◆ EXERCISE MATERIAL:
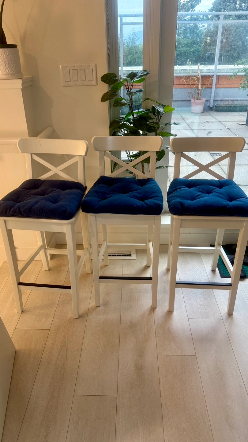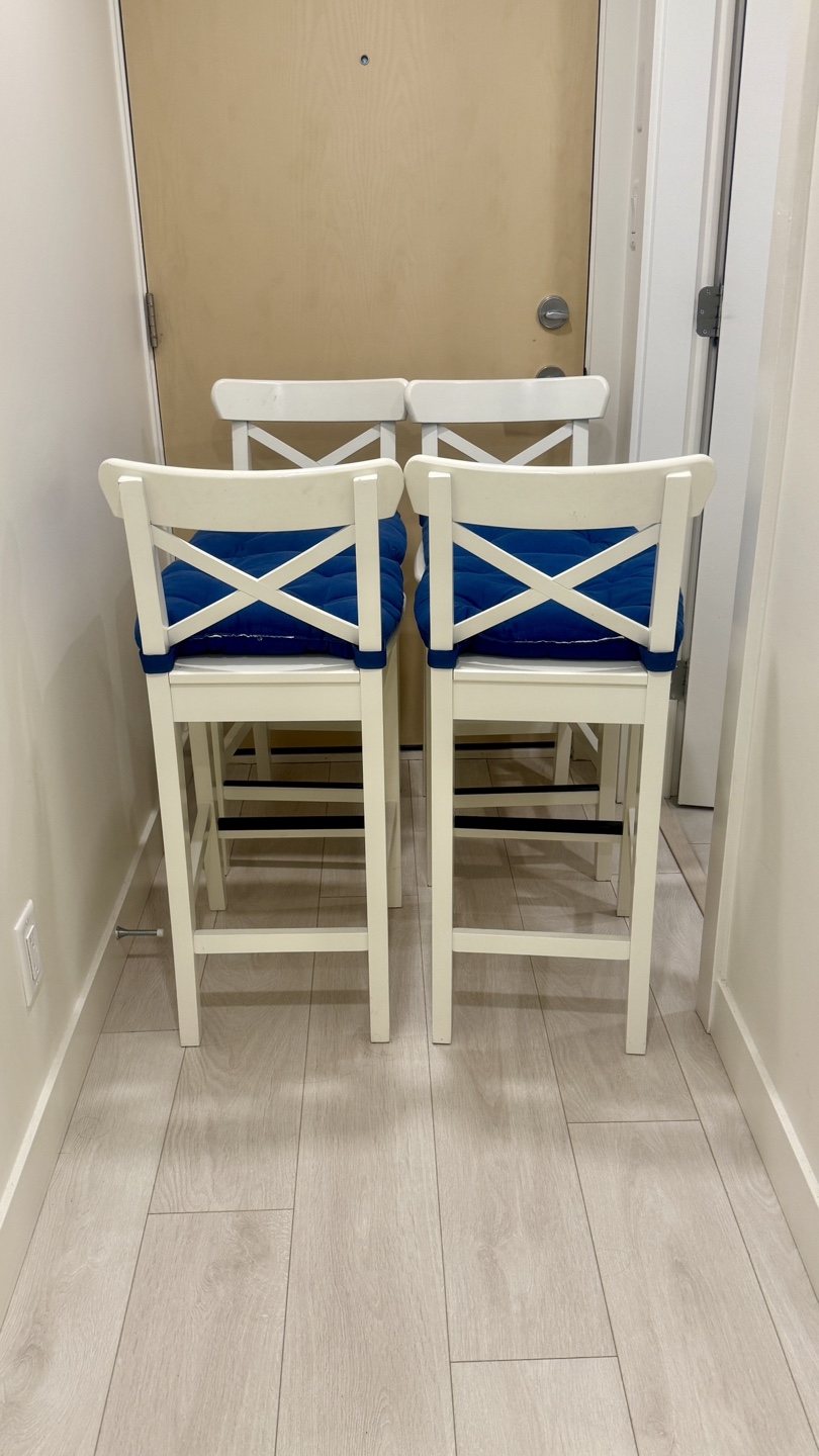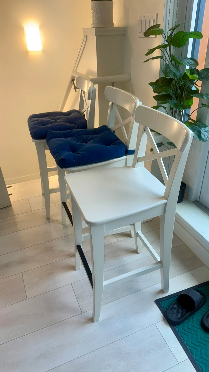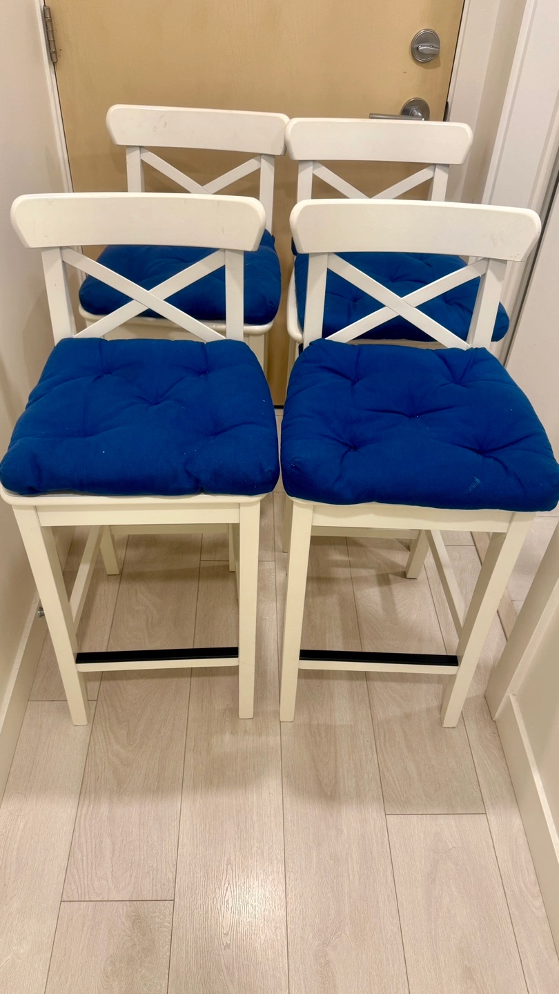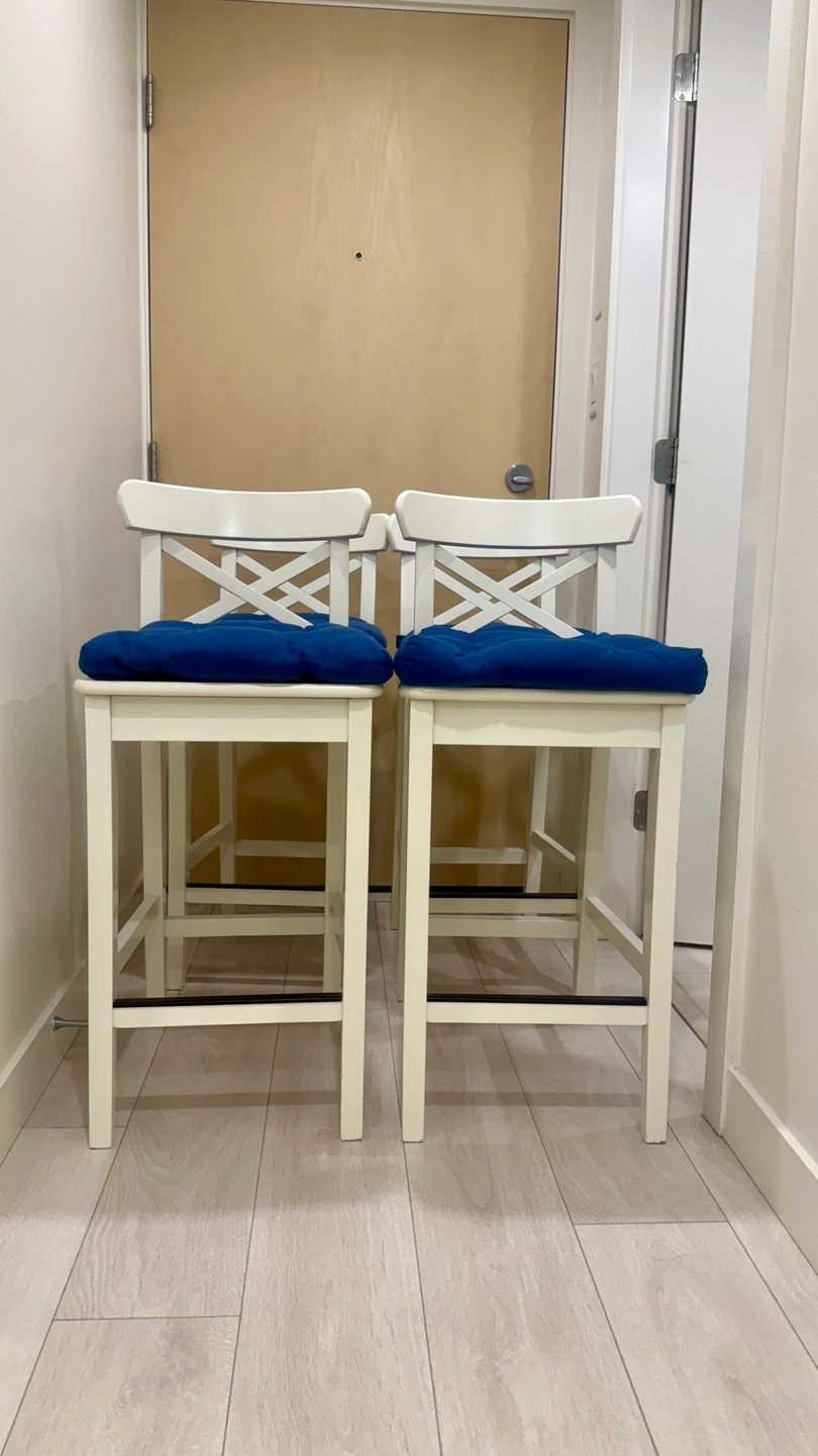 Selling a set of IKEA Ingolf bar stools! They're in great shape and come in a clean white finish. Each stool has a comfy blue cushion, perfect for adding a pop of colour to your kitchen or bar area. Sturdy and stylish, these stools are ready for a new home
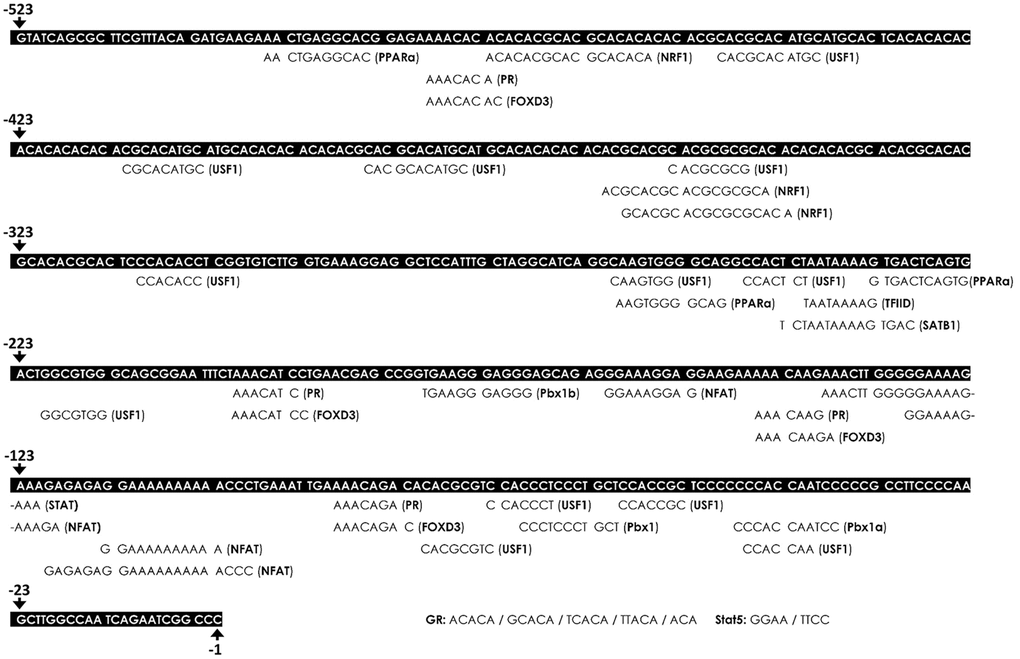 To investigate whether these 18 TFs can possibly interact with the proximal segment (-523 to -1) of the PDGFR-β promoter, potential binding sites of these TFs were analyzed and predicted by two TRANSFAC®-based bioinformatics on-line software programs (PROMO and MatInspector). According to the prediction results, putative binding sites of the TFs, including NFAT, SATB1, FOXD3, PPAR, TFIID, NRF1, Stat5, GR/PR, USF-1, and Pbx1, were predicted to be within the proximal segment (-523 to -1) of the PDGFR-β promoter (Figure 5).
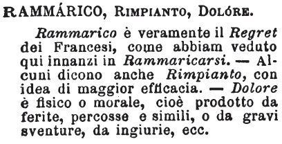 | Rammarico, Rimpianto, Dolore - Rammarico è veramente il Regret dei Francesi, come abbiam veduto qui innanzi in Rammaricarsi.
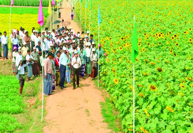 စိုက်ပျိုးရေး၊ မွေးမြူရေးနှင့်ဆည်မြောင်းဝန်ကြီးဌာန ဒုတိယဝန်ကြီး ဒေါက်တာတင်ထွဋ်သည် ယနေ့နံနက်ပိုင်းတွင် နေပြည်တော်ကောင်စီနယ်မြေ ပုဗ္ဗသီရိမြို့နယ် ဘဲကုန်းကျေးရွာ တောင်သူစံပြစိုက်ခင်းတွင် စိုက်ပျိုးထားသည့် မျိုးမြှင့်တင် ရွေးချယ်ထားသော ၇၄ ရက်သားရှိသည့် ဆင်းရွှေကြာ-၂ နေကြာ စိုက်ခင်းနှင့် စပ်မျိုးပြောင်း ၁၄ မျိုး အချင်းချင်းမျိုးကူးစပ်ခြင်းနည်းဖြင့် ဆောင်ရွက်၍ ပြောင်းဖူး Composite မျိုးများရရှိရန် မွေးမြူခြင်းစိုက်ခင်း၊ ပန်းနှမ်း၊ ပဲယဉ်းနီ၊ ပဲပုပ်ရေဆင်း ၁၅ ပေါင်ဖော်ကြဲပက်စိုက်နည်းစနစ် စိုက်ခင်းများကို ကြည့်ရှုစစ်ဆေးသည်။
...
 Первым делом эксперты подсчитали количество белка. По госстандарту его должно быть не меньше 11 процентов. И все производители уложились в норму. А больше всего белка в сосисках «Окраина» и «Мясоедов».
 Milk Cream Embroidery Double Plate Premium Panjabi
==
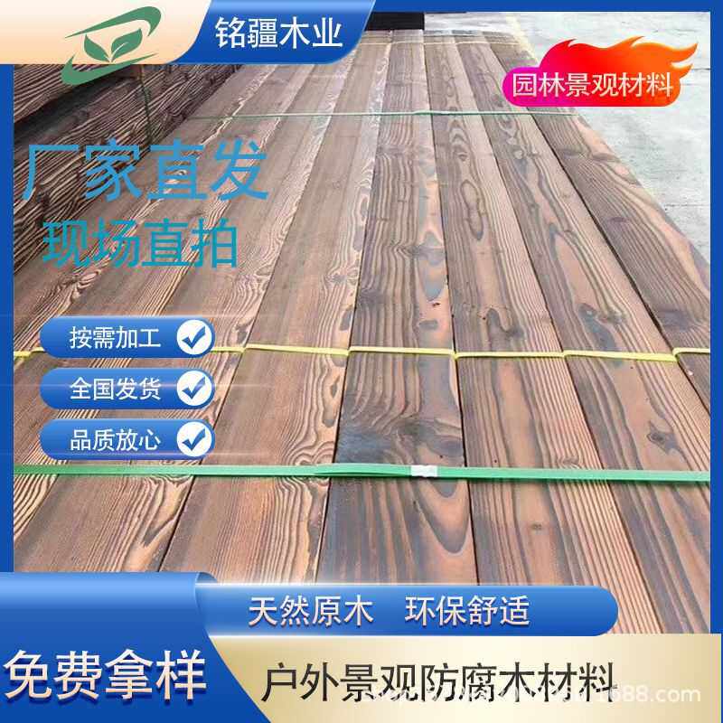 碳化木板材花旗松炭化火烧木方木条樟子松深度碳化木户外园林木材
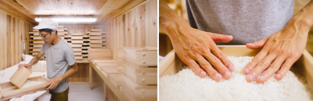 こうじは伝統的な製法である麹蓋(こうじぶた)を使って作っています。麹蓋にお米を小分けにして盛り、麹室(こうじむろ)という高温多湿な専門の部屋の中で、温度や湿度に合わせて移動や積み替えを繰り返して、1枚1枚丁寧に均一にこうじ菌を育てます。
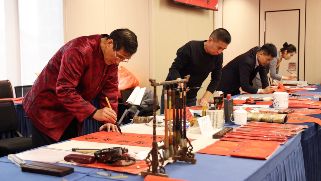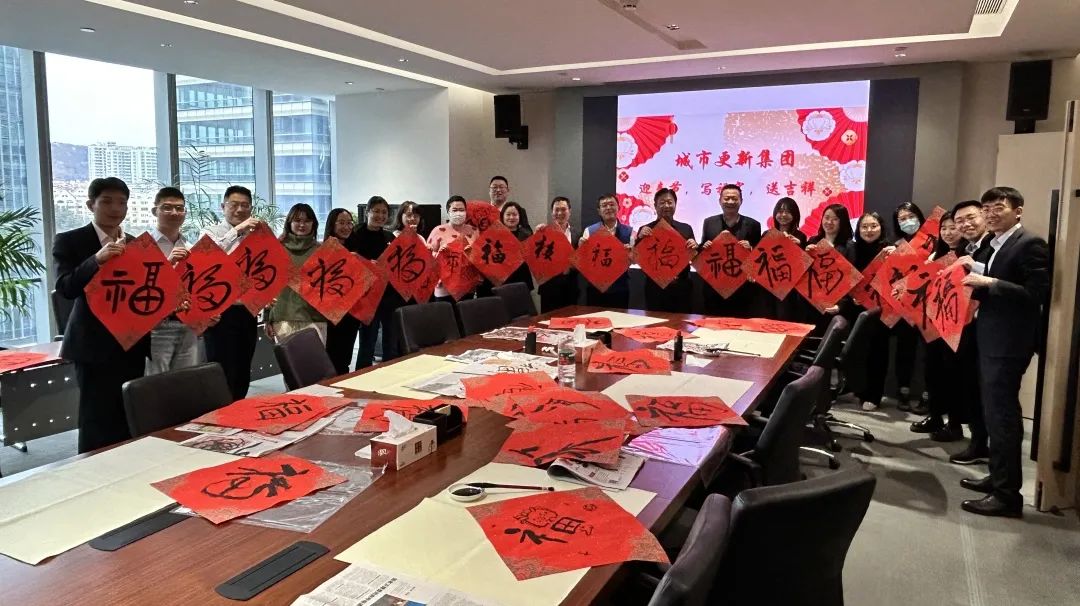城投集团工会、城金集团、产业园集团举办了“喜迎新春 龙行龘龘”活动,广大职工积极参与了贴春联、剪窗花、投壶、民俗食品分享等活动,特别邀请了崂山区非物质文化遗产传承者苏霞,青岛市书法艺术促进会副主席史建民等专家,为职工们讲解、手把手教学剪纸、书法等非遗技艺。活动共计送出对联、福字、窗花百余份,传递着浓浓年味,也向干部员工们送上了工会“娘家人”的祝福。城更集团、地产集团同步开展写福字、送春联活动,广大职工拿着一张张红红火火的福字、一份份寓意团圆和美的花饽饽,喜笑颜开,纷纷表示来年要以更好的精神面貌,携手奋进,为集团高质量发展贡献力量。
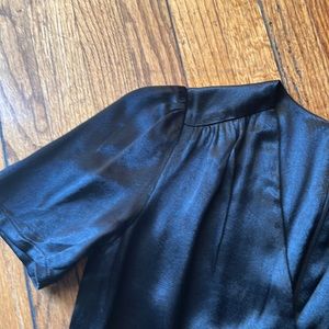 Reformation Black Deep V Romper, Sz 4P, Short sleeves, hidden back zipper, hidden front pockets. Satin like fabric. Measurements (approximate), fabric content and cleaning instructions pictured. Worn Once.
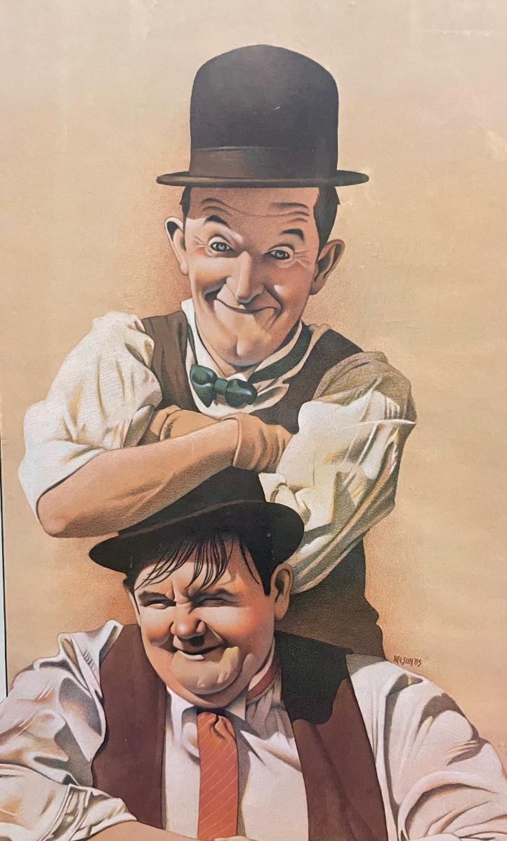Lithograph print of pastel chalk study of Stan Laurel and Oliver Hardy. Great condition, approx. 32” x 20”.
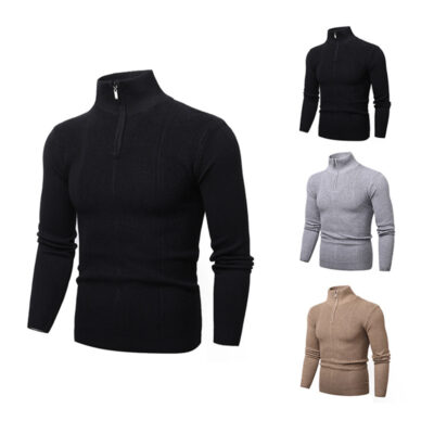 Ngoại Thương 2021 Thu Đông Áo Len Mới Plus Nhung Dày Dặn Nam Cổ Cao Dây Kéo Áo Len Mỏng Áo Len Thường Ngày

◆ TASK INSTRUCTIONS:
Respond with the exact lines above running from the one containing "Selling a set" to the one containing "To investigate whether", both ends kept and no pictures included.

◆ RESPONSE:
 Selling a set of IKEA Ingolf bar stools! They're in great shape and come in a clean white finish. Each stool has a comfy blue cushion, perfect for adding a pop of colour to your kitchen or bar area. Sturdy and stylish, these stools are ready for a new home
 To investigate whether these 18 TFs can possibly interact with the proximal segment (-523 to -1) of the PDGFR-β promoter, potential binding sites of these TFs were analyzed and predicted by two TRANSFAC®-based bioinformatics on-line software programs (PROMO and MatInspector). According to the prediction results, putative binding sites of the TFs, including NFAT, SATB1, FOXD3, PPAR, TFIID, NRF1, Stat5, GR/PR, USF-1, and Pbx1, were predicted to be within the proximal segment (-523 to -1) of the PDGFR-β promoter (Figure 5).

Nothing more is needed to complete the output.